O magistrado explicou que o julgamento de pessoas estrangeiras, acusadas de estarem ligadas a uma rede internacional de tráfico de droga, requeria medidas de segurança excepcionais que, nos tempos de pandemia devido ao risco de contágio da Covid-19, não garantiriam o distanciamento social.
A opção seguida pelo Tribunal do Funchal garante que todos os arguidos assistam ao julgamento na presença dos seus advogados, que podem ser contactados telefonicamente. “Estão em prisão preventiva, não havia outra maneira”, apontou o juiz presidente da Comarca da Madeira, reagindo ao protesto que alguns advogados manifestaram aos jornalistas, à entrada para o tribunal.
“Nós estamos seguros de que não há violação de nenhum direito processual do arguido e ninguém impede que o arguido fale pelo telemóvel com o advogado”, respondeu Paulo Barreto, lembrando que o julgamento decorre num período histórico de pandemia. “É preciso ver que estamos em tempos excepcionais, ou adiava o julgamento ou avançava nestas condições que não são as ideais”, referiu o juiz, reconhecendo que “ninguém quer ser julgado na cadeia mas dadas as circunstâncias tem de ser assim”.

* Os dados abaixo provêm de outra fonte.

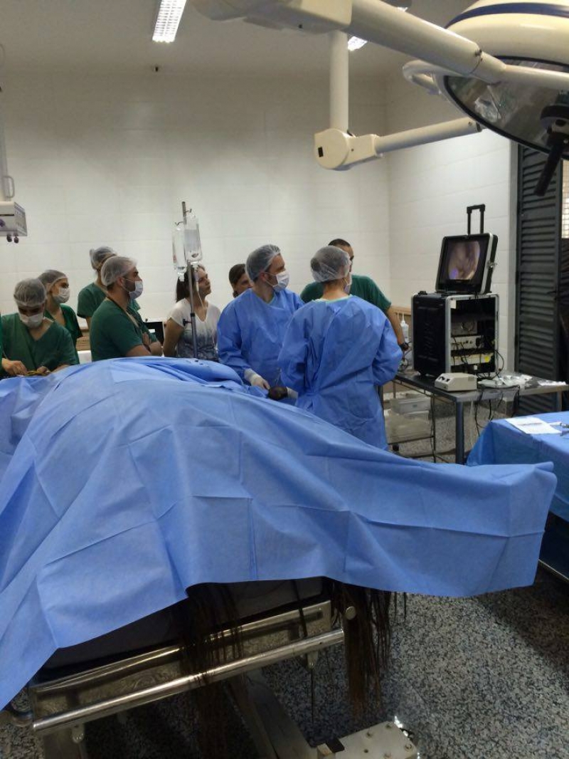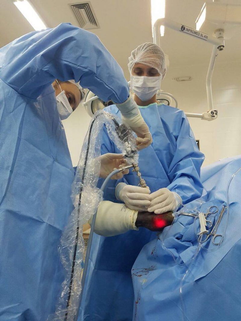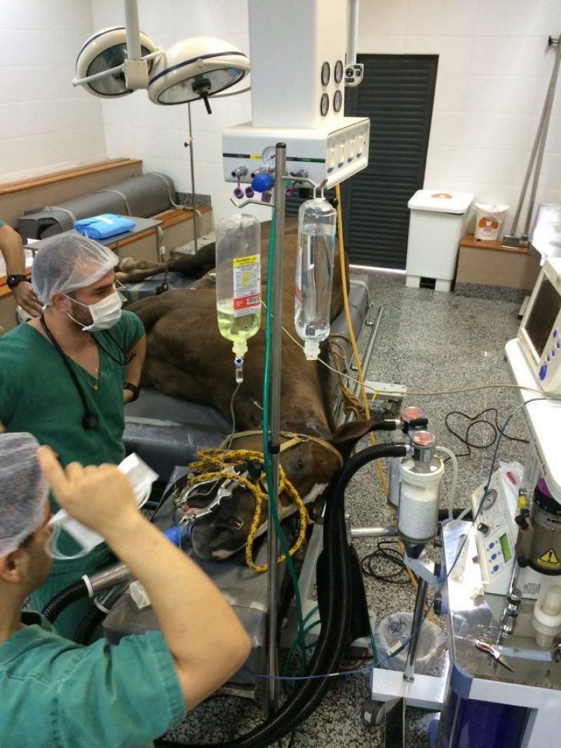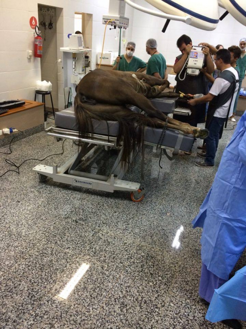 A égua de alto valor foi internada na última segunda-feira (12), para permanecer em jejum e ser preparada para a operação. O procedimento cirúrgico aconteceu na terça-feira (13) e foi conduzido pelo cirurgião da Universidade Federal do Paraná, Peterson Triches, que veio de Curitiba para a operação, com apoio da equipe do Hospital Veterinário FAG. A égua passou por uma Artroscopia para a remoção do fragmento. "É uma cirurgia pouco invasiva, com anestesia geral. São feitas duas incisões, bem pequenas, de menos de 1 cm: em uma é colocada uma lente com luz e uma câmera, e por outro orifício entra o material cirúrgico utilizado. Acompanhamos tudo por um monitor. A cirurgia demorou cerca de 50 minutos. Mas foram três horas no total, entre a sedação e a remoção do animal até a baia", contou o Diretor do Hospital, Rennê Gomiero.
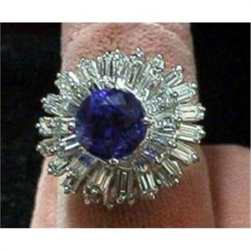 This is one gorgeous splash of color and brillance. The tanzanite measures 2.04 carats and is a lovely shade of royal blue. The mounting is in platinum which spells quality and it has 3 carats of clean white baguette diamonds.Mother's day is near buy it she will love it.

Questionado sobre a possibilidade de o Tribunal requisitar um espaço mais amplo que permita que todos os intervenientes estivessem presentes, magistrados, advogados e arguidos, Paulo Barreto explicou que a Comarca da Madeira não dispõe de meios financeiros para, por exemplo, alugar um espaço maior.
Conforme o DIÁRIO avançou na edição impressa desta quarta-feira, magistrados e oficiais de justiça tiveram que puxar pela imaginação para preparar a logística de um julgamento que vai ser acompanhado, em simultâneo, em três salas de audiência, duas cadeias e três domicílios de arguidos, tudo isto distribuído por cinco cidades de Portugal e Espanha.
Numa das maiores salas de audiências do Palácio da Justiça estarão o colectivo de juízes presidido por Carla Meneses, o procurador Paulo Oliveira e quatro advogados. Vão usar todos viseira e/ou máscara.
Mas como há que garantir o distanciamento mínimo de 2 metros entre cada interveniente, mais oito advogados seguem a audiência, por videoconferência, em duas outras salas do mesmo tribunal.
Dez arguidos que estão em prisão preventiva vão acompanhar o julgamento por videoconferência a partir do auditório da cadeia da Cancela. Há outro que está preso na cadeia de Tires (Grande Lisboa). Três arguidos estão em prisão domiciliária em Madrid, Corunha e Canárias e serão ouvidos via Skype. Estão agendadas audiências para hoje e amanhã.
Conforme o DIÁRIO noticiou sábado, os 14 estrangeiros que vão a julgamento são acusados de pertencer a uma rede que transportava cocaína desde a América do Sul para o continente europeu. A droga seguia na bagagem de passageiros de navios de cruzeiro e era desembarcada em portos insulares, sendo depois remetida por via aérea para os países europeus.
O grupo que agora chega a tribunal foi detido a 24 de Março de 2019 na posse de 11,6 quilos de cocaína durante uma escala do paquete ‘MSC_Opera’ no porto do Funchal.
A acusação do Ministério Público, baseada na investigação da PJ e nas informações da National Crime Agency (Reino Unido), diz que o grupo, constituído quase totalmente por sul-americanos, recorria a indivíduos com grande mobilidade em países europeus (Espanha, Reino Unido, Holanda e Alemanha) para disfarçar as viagens e a actividade do narcotráfico.